**WHAT IS NEEDED:** Print the lines of the listing below verbatim from its first line through the line bearing "Zentral in meinem". Any pictures are to be omitted.
Content starts
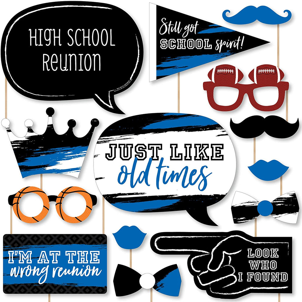Reunited Blue - Royal Blue School Class Reunion Party Photo Booth Props Kit - 20 Count
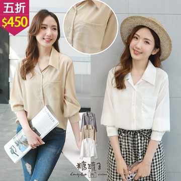 純棉七分泡泡袖上衣
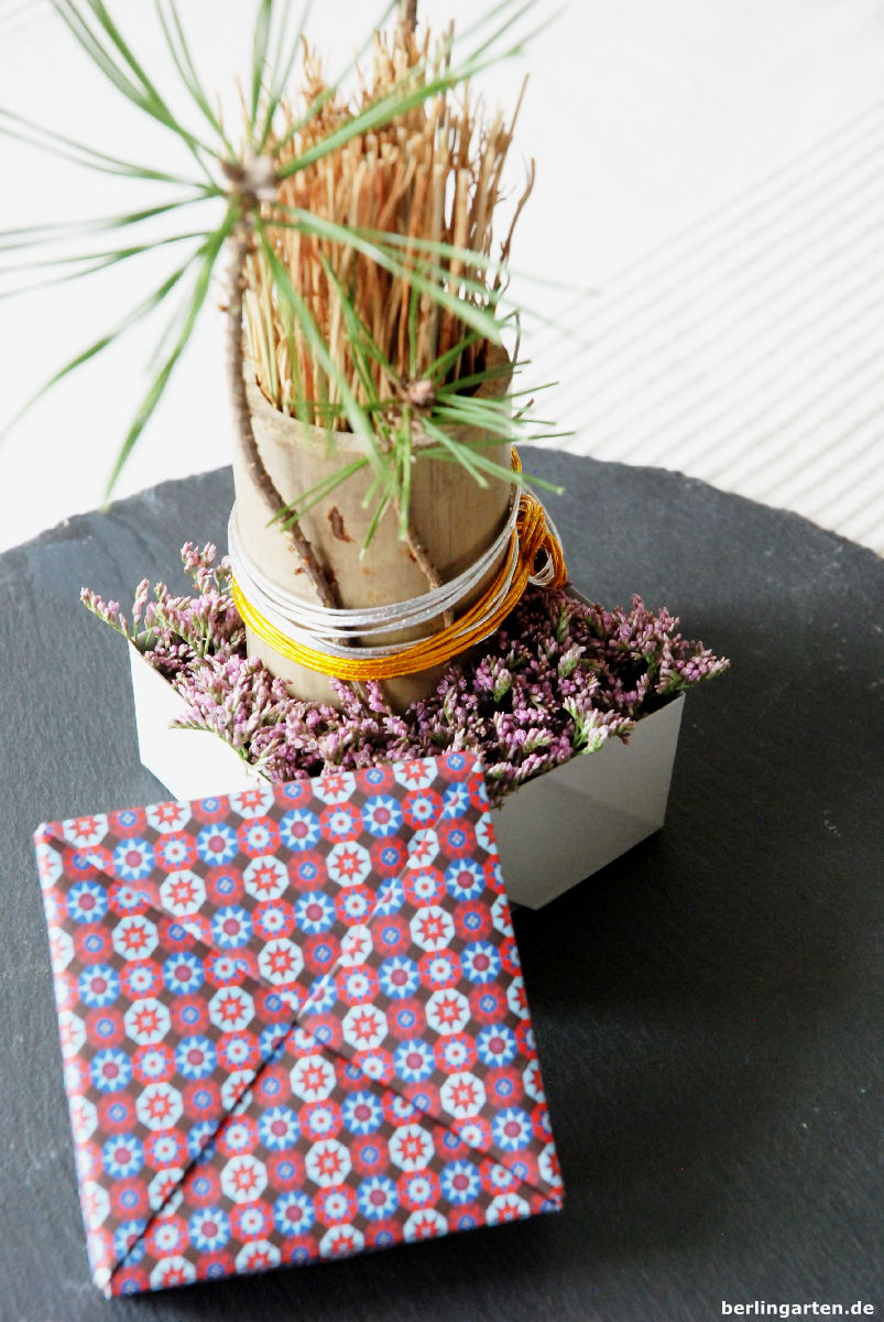 Zentral in meinem Kadomatsu war ein dicker Bambusring, gefüllt mit Reisstroh, den ich auf eine einheitliche Höhe gestutzt hatte. Mit den Mizuhiki konnte ich drei Kieferzweige befestigen, die ich bis auf die Spitzen entnadelt hatte, sodass sie ein wenig wie Palmen wirken. Als letztes habe ich die Schachtel mit lila Statice gefüllt – stellvertretend für die Pflaumenblüten und farblich passend zum Muster meines Schächtelchens.
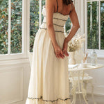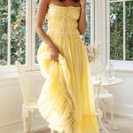 This women's ruffle trim maxi dress features a romantic lace-up bodice and delicate spaghetti straps for a graceful silhouette. The flowing hemline with subtle contrast piping adds elegant movement. Ideal for garden parties, weekend brunches, or relaxed afternoons.
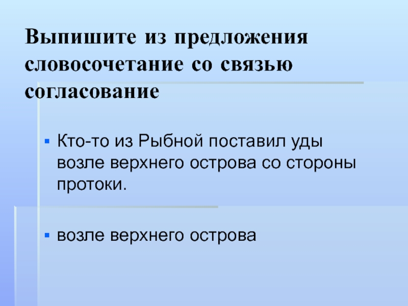 Выпишите из предложения словосочетание со связью согласованиеКто-то из Рыбной поставил уды возле верхнего острова со стороны протоки.возле
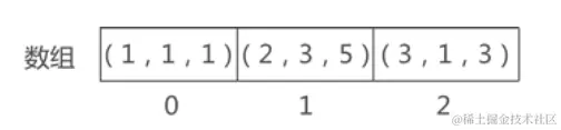 三元组数据结构为一个长度为 n,表内每个元素都有 3 个分量的线性表,其 3 个分量分别为:值、行下标、列下标。
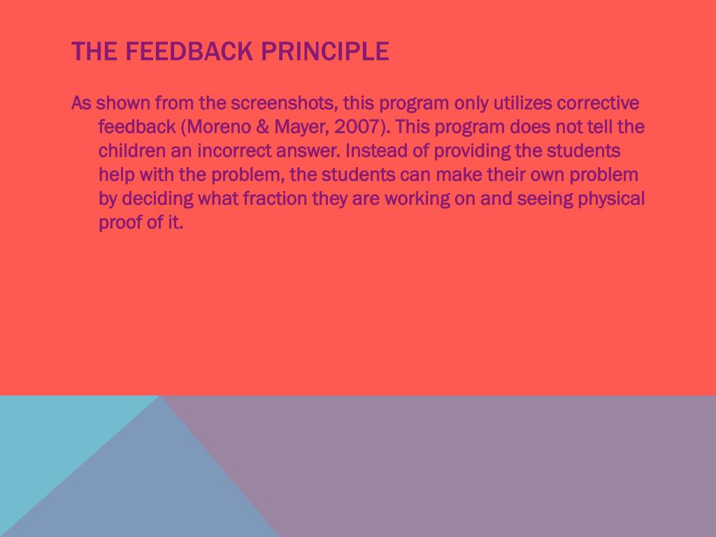 The Feedback Principle • As shown from the screenshots, this program only utilizes corrective feedback (Moreno & Mayer, 2007). This program does not tell the children an incorrect answer. Instead of providing the students help with the problem, the students can make their own problem by deciding what fraction they are working on and seeing physical proof of it.
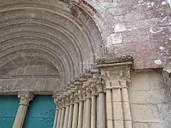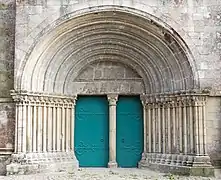 Entre ces chapelles s'insère un portail du XIIe siècle, typiquement roman. Il comporte six voussures en plein cintre sans décoration. Les voussures reposent sur douze colonnettes jumelées à chapiteaux décorés de roses et de feuillages. Les deux chapiteaux les plus externes sont ornés de figurines supportant sur leur dos ou sur leur tête les voussures. La colonne centrale est du XIVe siècle.
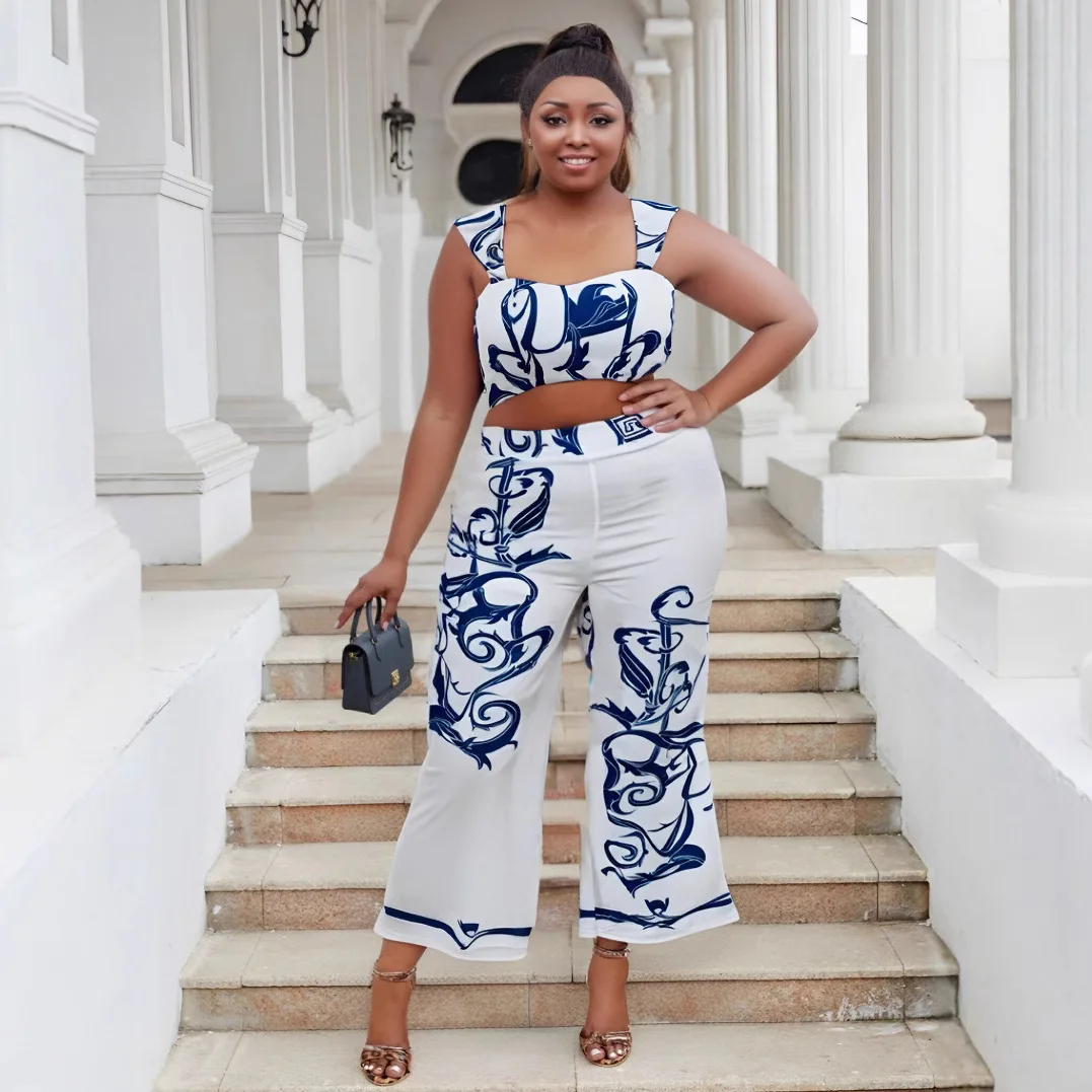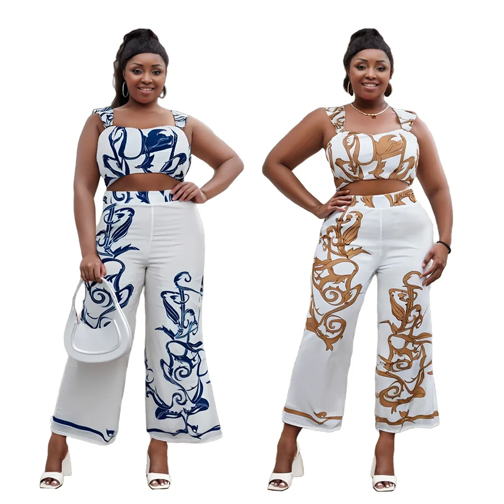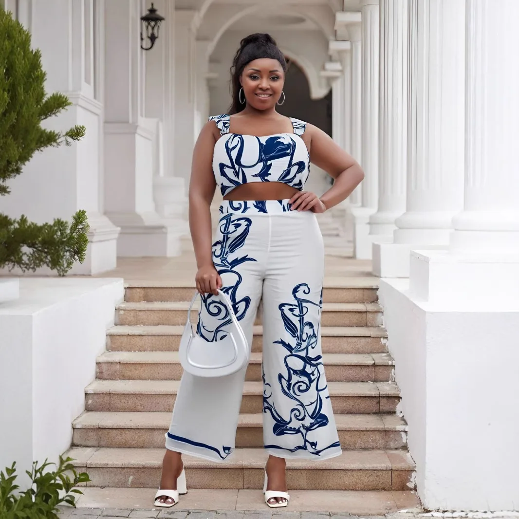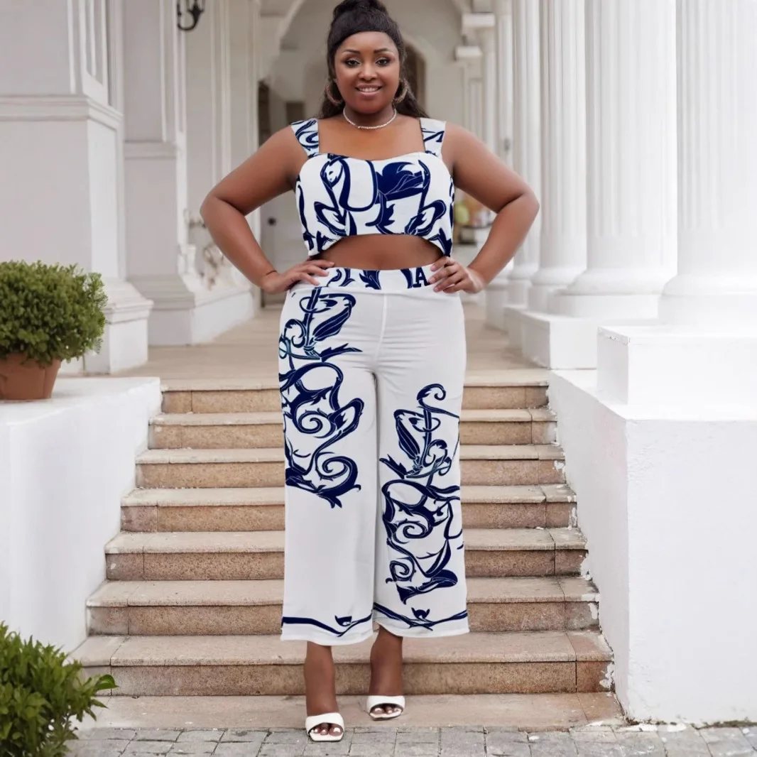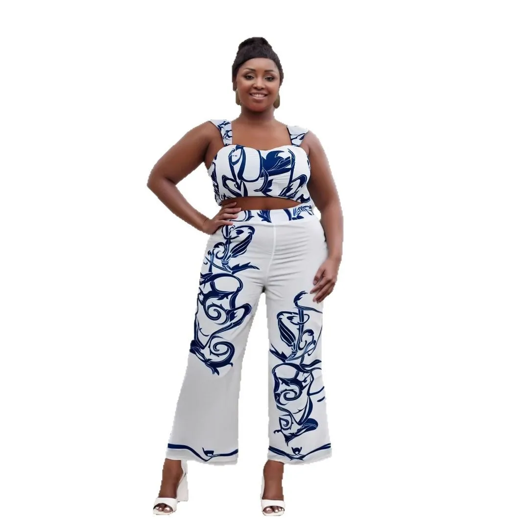 European American Sexy Cross-Border Women's Two-Piece Set High-Waisted Wide-Leg Pants Printed Suspenders Plus Size Casual for
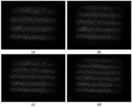 The interference fringe pattern obtained by the subtraction mode. (a–d) represent the 70th, 140th, 210th, and 280th speckle interferogram subtracting the first one, respectively.
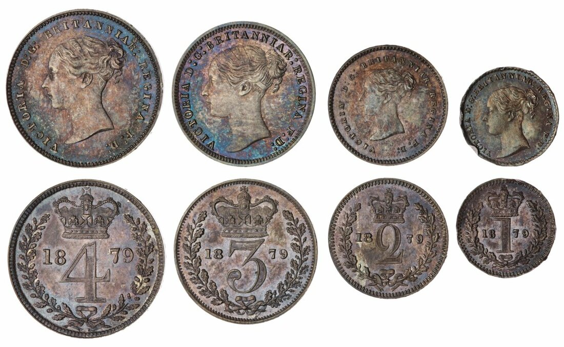 Victoria (1837-1901), 'Young Head' Maundy Set, 1879, young head left, rev. crowned mark of value, edge plain (Bull 3533; ESC 2493; Spink 3916), damage of Penny edge between 7 and 12 o'clock, otherwise all toned and lustrous, very fine to near extremely fine (4)
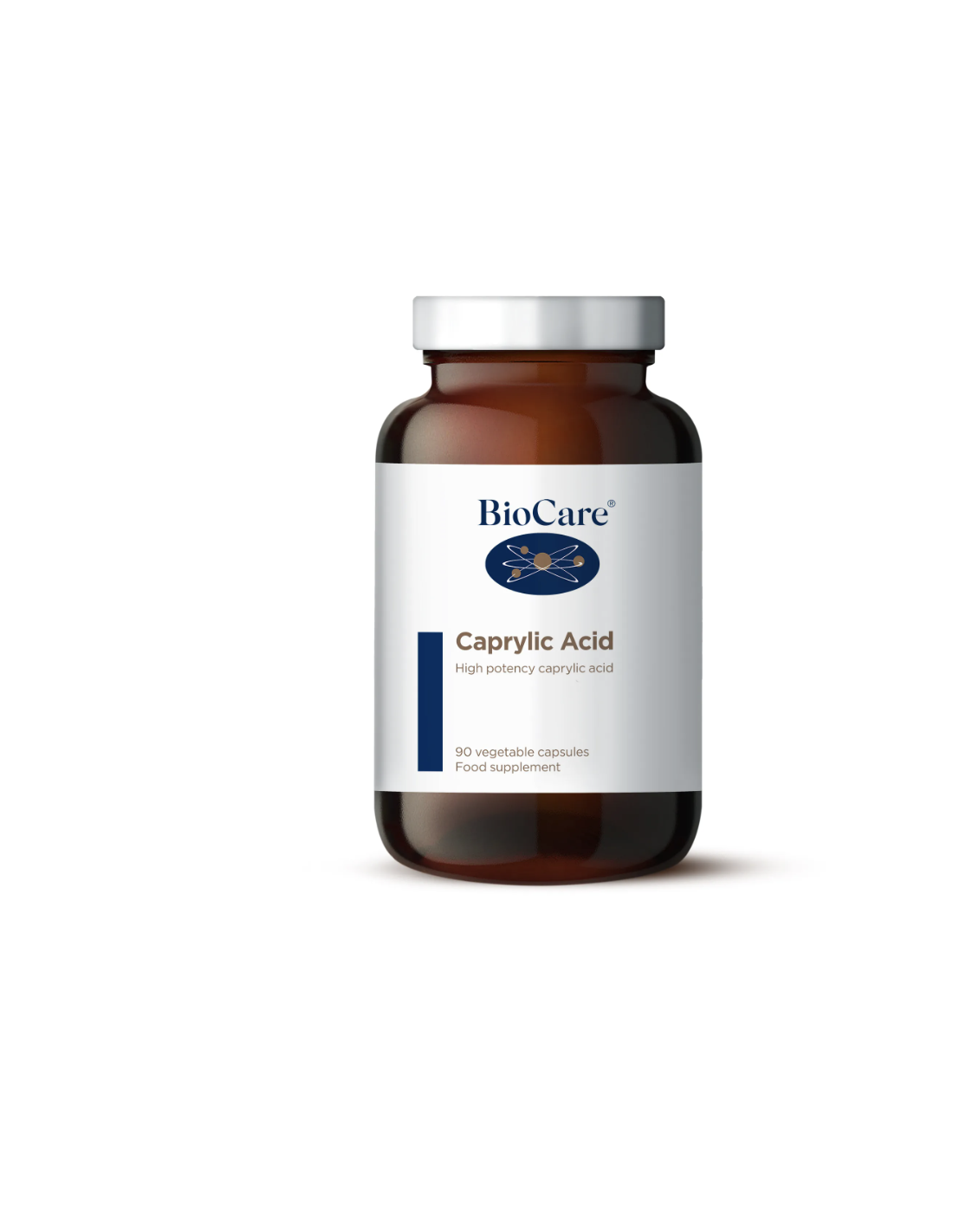 El ácido caprílico es un ácido graso de cadena media que se encuentra naturalmente en el aceite de coco y la leche materna. Su función principal es promover un ambiente interno saludable, especialmente en el sistema digestivo. Gracias a sus propiedades antimicrobianas, este suplemento ayuda a controlar el crecimiento de bacterias y hongos no deseados, favoreciendo una flora intestinal equilibrada y mejorando la digestión.
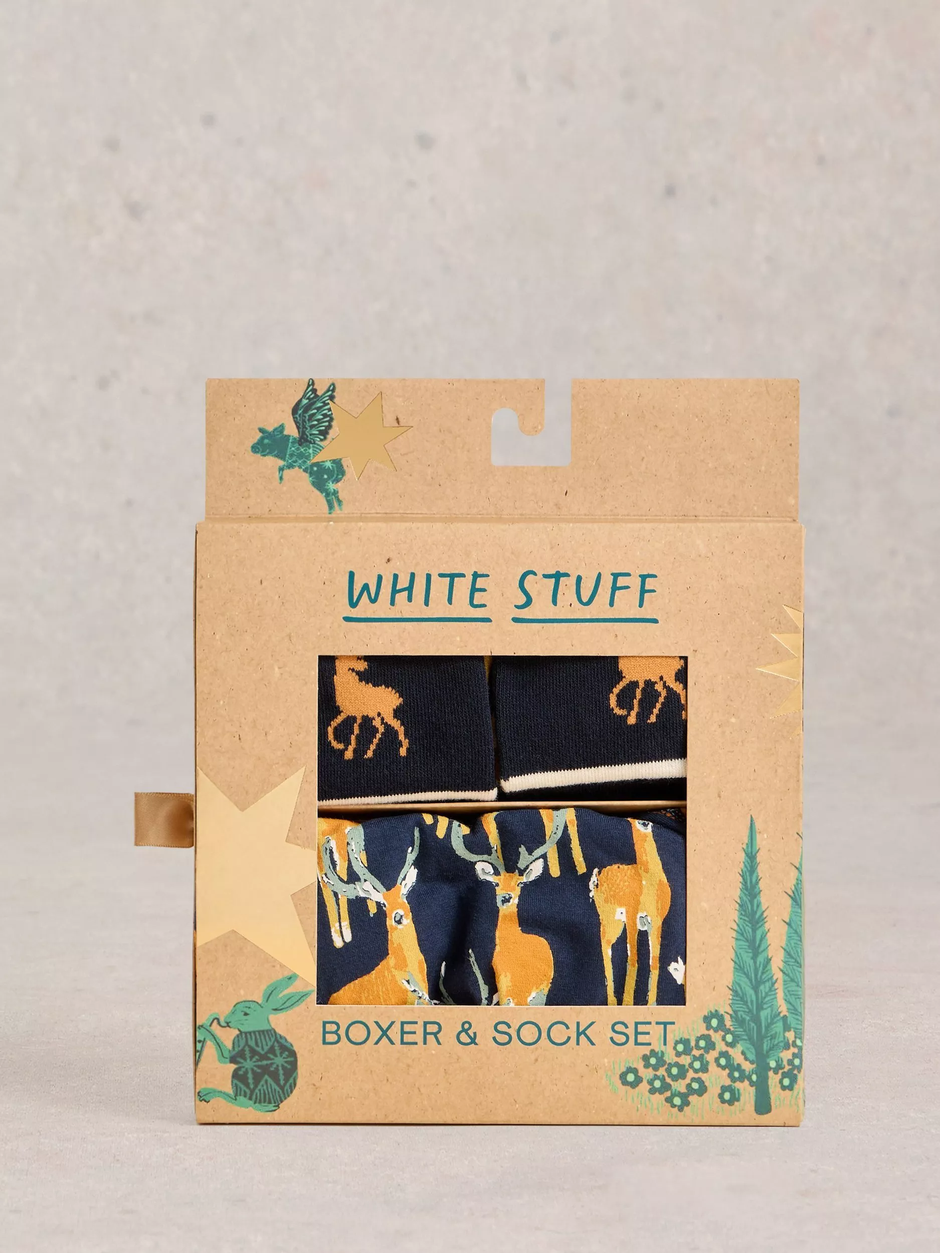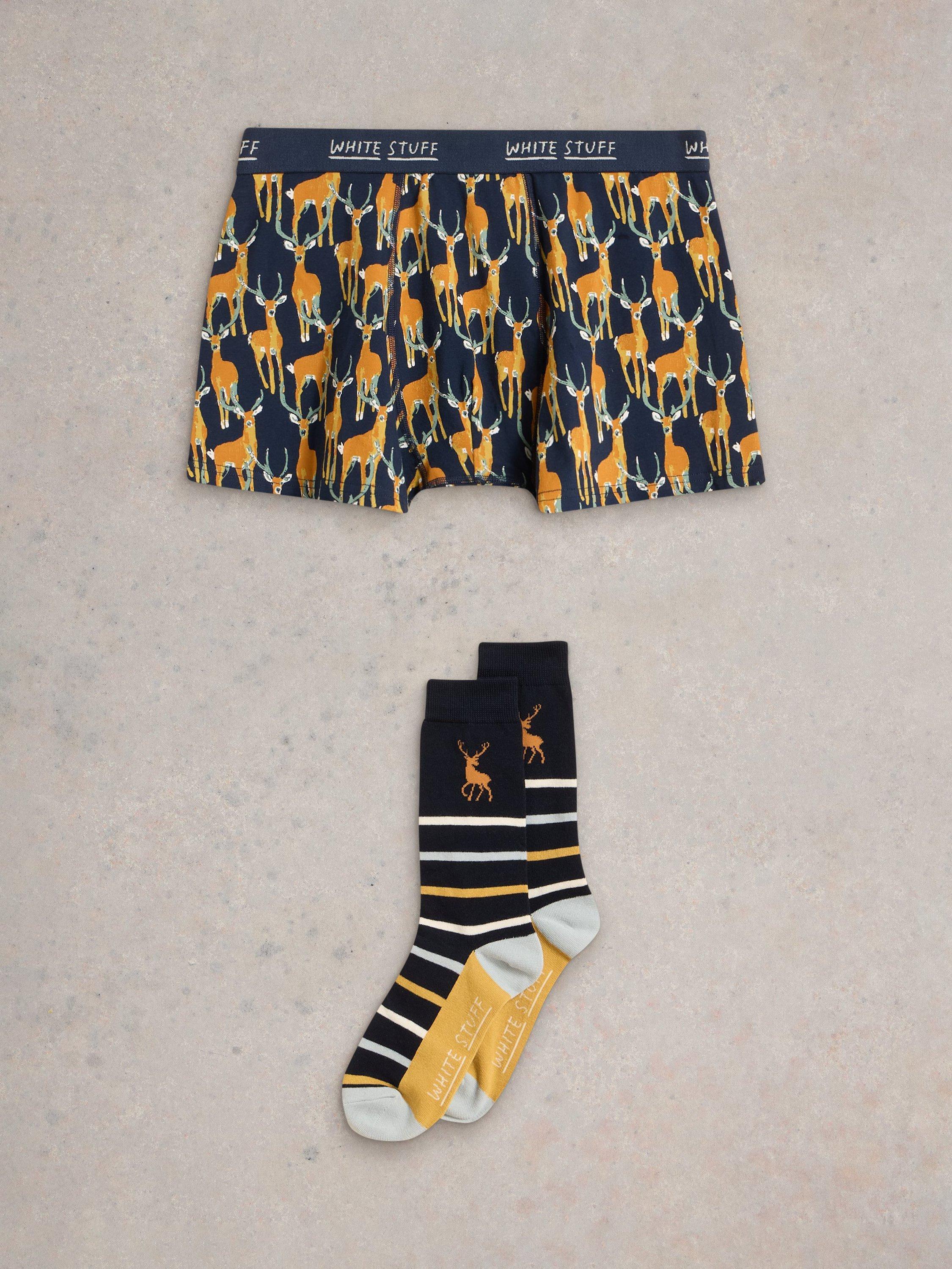 A boxer and sock set made from a smooth cotton blend, making them both super comfy and stretchy.
Content ends
**OUTPUT OF THE EXERCISE:**
Reunited Blue - Royal Blue School Class Reunion Party Photo Booth Props Kit - 20 Count
 純棉七分泡泡袖上衣
 Zentral in meinem Kadomatsu war ein dicker Bambusring, gefüllt mit Reisstroh, den ich auf eine einheitliche Höhe gestutzt hatte. Mit den Mizuhiki konnte ich drei Kieferzweige befestigen, die ich bis auf die Spitzen entnadelt hatte, sodass sie ein wenig wie Palmen wirken. Als letztes habe ich die Schachtel mit lila Statice gefüllt – stellvertretend für die Pflaumenblüten und farblich passend zum Muster meines Schächtelchens.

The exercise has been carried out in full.